* **Exercise details**
Any picture in the data below should be skipped, while every line is repeated exactly.

* **Supplied information**

Segment Open

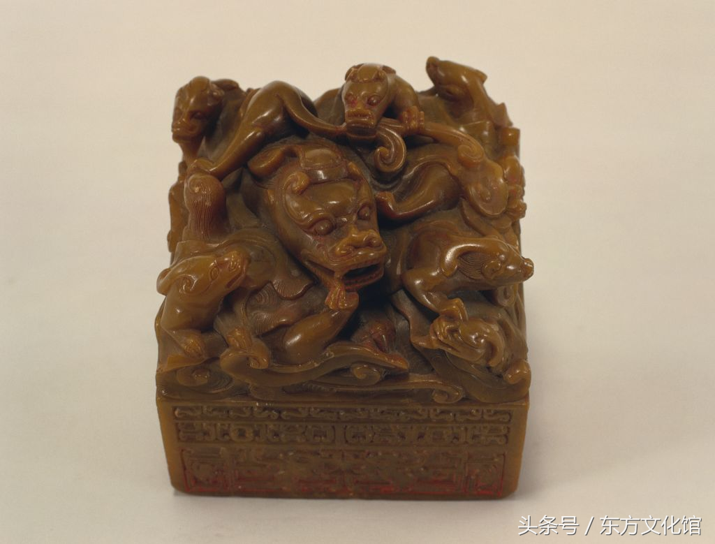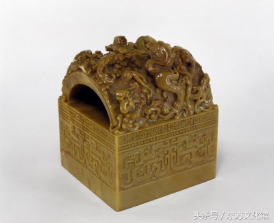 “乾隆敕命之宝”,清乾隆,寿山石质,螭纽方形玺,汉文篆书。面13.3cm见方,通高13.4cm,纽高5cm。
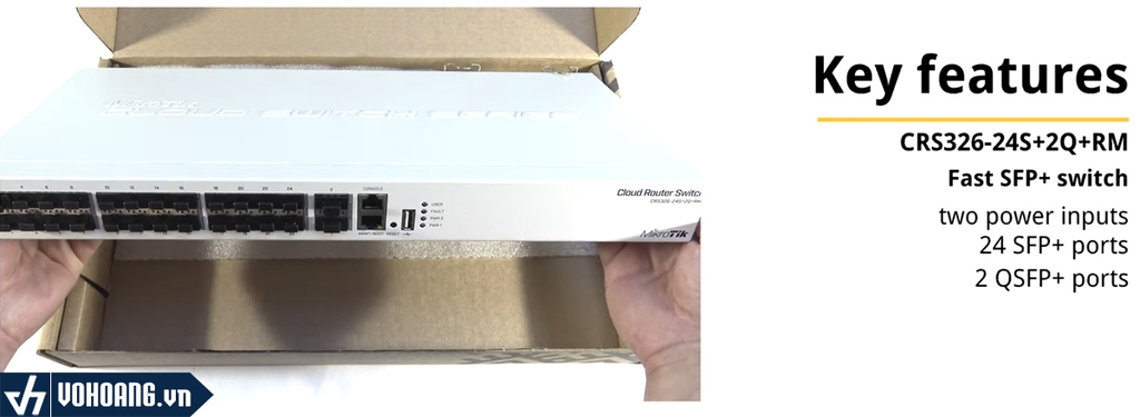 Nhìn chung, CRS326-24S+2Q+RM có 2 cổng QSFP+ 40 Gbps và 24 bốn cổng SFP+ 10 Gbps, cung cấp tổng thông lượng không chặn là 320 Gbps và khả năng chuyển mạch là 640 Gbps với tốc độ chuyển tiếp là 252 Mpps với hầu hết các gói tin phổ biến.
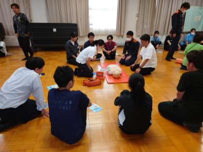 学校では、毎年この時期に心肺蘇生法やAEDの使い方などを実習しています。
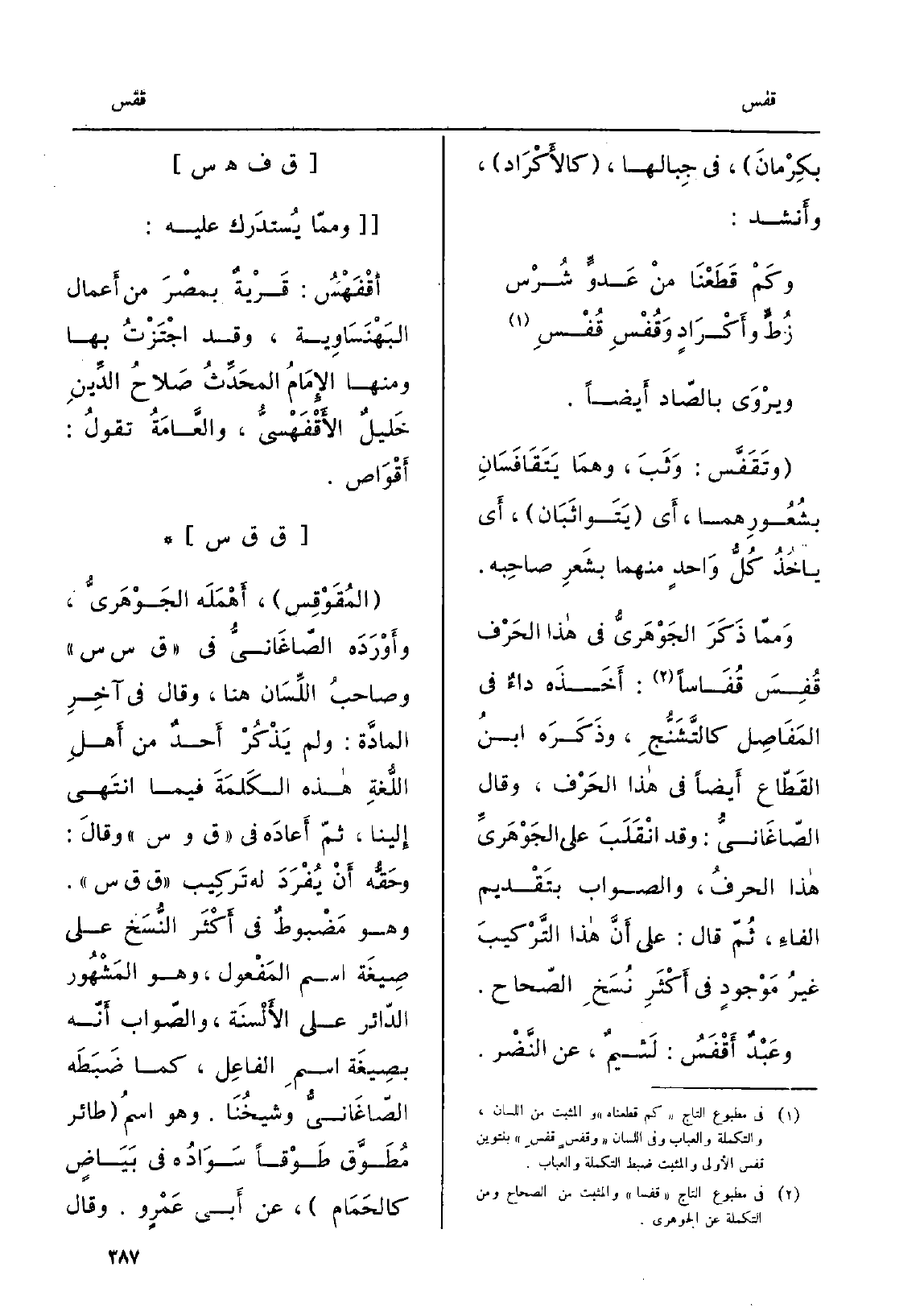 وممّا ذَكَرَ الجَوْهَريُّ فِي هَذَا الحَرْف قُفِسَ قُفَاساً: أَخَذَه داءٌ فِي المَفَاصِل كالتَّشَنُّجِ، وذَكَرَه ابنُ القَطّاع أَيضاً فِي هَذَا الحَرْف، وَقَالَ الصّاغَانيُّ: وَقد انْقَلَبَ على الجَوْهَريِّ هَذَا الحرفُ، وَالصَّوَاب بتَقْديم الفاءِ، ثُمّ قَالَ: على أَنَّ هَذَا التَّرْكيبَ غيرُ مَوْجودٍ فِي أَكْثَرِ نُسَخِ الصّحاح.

Segment Closed

* **Exercise response**
 “乾隆敕命之宝”,清乾隆,寿山石质,螭纽方形玺,汉文篆书。面13.3cm见方,通高13.4cm,纽高5cm。
 Nhìn chung, CRS326-24S+2Q+RM có 2 cổng QSFP+ 40 Gbps và 24 bốn cổng SFP+ 10 Gbps, cung cấp tổng thông lượng không chặn là 320 Gbps và khả năng chuyển mạch là 640 Gbps với tốc độ chuyển tiếp là 252 Mpps với hầu hết các gói tin phổ biến.
 学校では、毎年この時期に心肺蘇生法やAEDの使い方などを実習しています。
 وممّا ذَكَرَ الجَوْهَريُّ فِي هَذَا الحَرْف قُفِسَ قُفَاساً: أَخَذَه داءٌ فِي المَفَاصِل كالتَّشَنُّجِ، وذَكَرَه ابنُ القَطّاع أَيضاً فِي هَذَا الحَرْف، وَقَالَ الصّاغَانيُّ: وَقد انْقَلَبَ على الجَوْهَريِّ هَذَا الحرفُ، وَالصَّوَاب بتَقْديم الفاءِ، ثُمّ قَالَ: على أَنَّ هَذَا التَّرْكيبَ غيرُ مَوْجودٍ فِي أَكْثَرِ نُسَخِ الصّحاح.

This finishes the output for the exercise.